When there are exciting new changes in your industry or a viral news item that connects to your business, you (hopefully) strike while the iron is hot and get fresh content in front of your customers. Providing timely content is a savvy way to get customers’ attention, but what happens when the buzz dies down? To prevent your website from becoming irrelevant overnight, it’s crucial to invest in evergreen content even more than you do in the next big thing.
Evergreen content is content that never goes out of style. It stays relevant to readers long after the news cycle is over and will keep driving new clicks (and leads) to your business for years. If you’re neglecting evergreen content, you’re losing out on valuable web traffic and opportunities to make connections. Here are the details on using evergreen content and making it work for your business.
What is evergreen content?
Your content must meet several criteria to be considered evergreen. First, it needs to stay relevant over long periods. News items, style advice, articles on new technology, and many reviews are excellent examples of what evergreen content is not. If no one will care in a few months or even a couple of years, it’s not evergreen.
Evergreen content also must be unique, useful, and detailed. Generally speaking, evergreen content should teach something — and wanting to learn about that topic is how your readers will find you. Evergreen content should find a unique angle and not duplicate material already available to readers. And if it’s not comprehensive, people will quickly lose interest. People will click away from a short summary on a topic but stay for a deep dive that provides interesting and relevant details.
Finally, evergreen content must be optimized and searchable. While evergreen content can certainly educate your existing customers, its primary purpose is to bring new traffic to your website. To accomplish that goal, using effective SEO is essential, and people must want to read what you wrote. If no one is searching for your topic, the content won’t bring in new readers.

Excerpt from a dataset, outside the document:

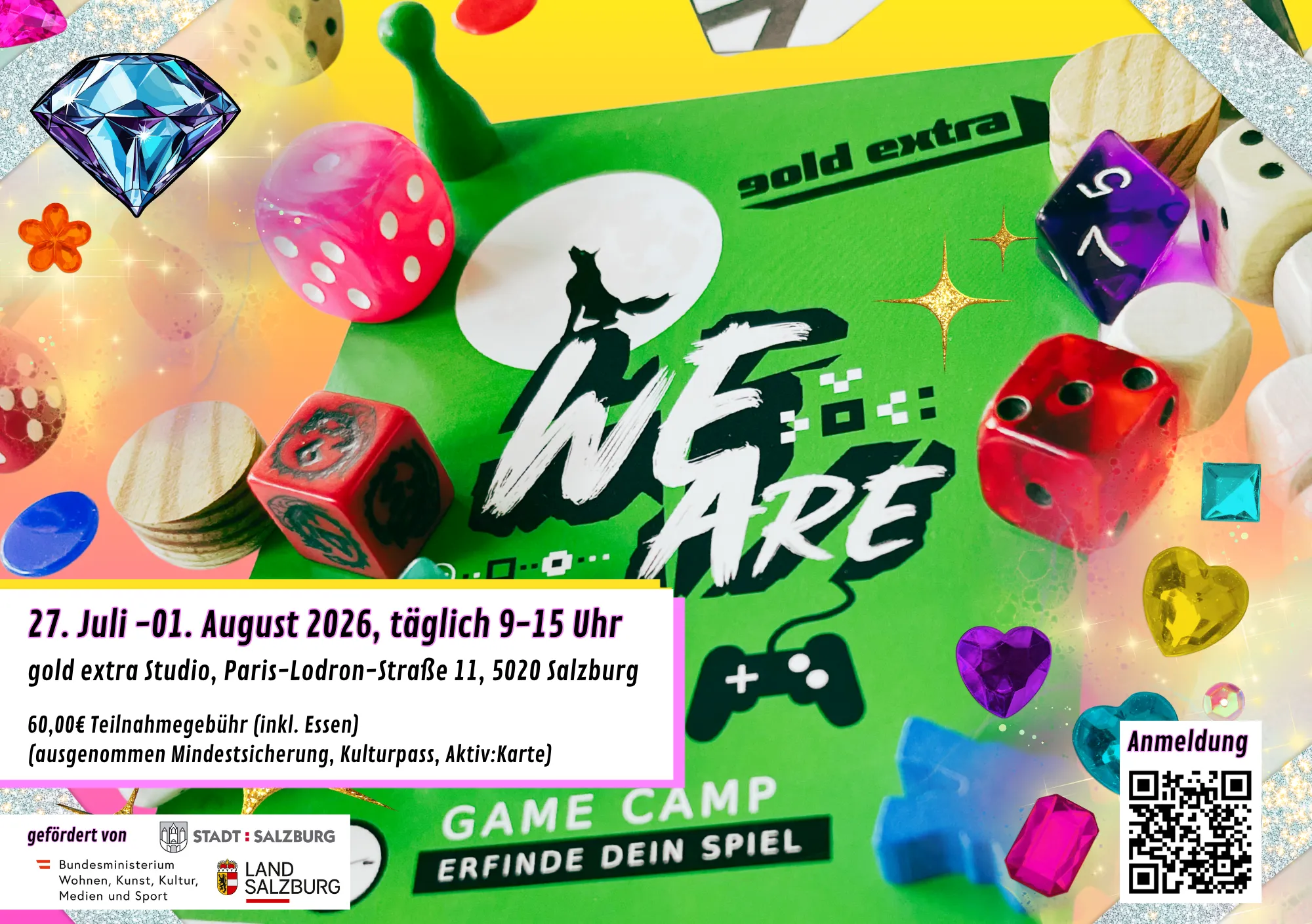 Das WE ARE Game Camp findet heuer täglich von 9 bis 15 Uhr (Montag bis Samstag) im gold extra Studio in der Paris-Lodron-Straße 11 (5020 Salzburg) statt. Die Teilnahme kostet 60,00 € und ist für Familien mit Mindestsicherung, Kulturpass, Aktiv:Karte KOSTENLOS. Wir sorgen auch für ausreichend (gesunde) Snacks, ein leckeres Mittagessen und genügend (Bildschirm-)Pausen!

How do I create evergreen content?
You should design your evergreen content to position you and your business as an expert in your industry. That means you’ll have to start with some research. What does your target audience want to read? And how do you obtain the knowledge you need to provide it?
Start by considering your target audience. What types of keywords would they search for? You’ll want to write content with those words in mind to help potential customers find you. Remember that it’s better to be specific. There are more than a billion websites on the internet, and you’re never going to outperform most of them. But while you are extremely unlikely to end up on the first page of results when people search for “music,” terms like “music school” and “music education” are a bit more realistic. Hone in on your specialty.
Next, consider what types of topics will interest your audience. How-to and explainer articles are popular for a reason. Consider the types of questions your existing customers commonly ask — or the misconceptions they often hold. These will be great starting points for your evergreen content. List posts also perform well. They’re easy to read, popular, and work well for evergreen content.
When writing, don’t forget to do the research. You may be an expert in your industry, but how will your readers know that? Further, no one knows everything, and even the greatest scholarly minds cite others in their work. Discovering more information than you had before will make for better articles, and linking to other sources will build your credibility. Other people will also be more likely to link to you as an authority.
Can any content ever be fully evergreen?
Things change. Your recommended home improvement technique can go out of style when a better, safer alternative comes on the market. A new law can upend your legal guide. And health guidance often changes as more research is published. So, doesn’t that mean that evergreen content is a myth?
No, it means that even evergreen content needs a little sprucing up now and then. While your evergreen content shouldn’t require frequent updates, occasional tweaks keep it relevant and performing well. Set up a schedule to regularly review your evergreen content — say, quarterly or biannually. Reread each article and confirm everything you wrote remains factual and recommended by experts. If you’ve crafted your evergreen content well, the process should not take very long or require many changes.
You can also use this as an opportunity to clean up broken links, update photographs, or add new references to content you’ve created since you originally published. Do you now have a podcast episode relevant to the article? Briefly mention it! Your evergreen content should mostly stay the same, but there’s nothing wrong with a minor adjustment here or there. In fact, it will produce a better return on investment.
Remember that evergreen content won’t work overnight — it will take time and patience for people to find your work, use it, and start sharing it with others. But the more useful and relevant you keep your articles and the more comprehensive content library you build, people will begin to find you and see you as a trustworthy source.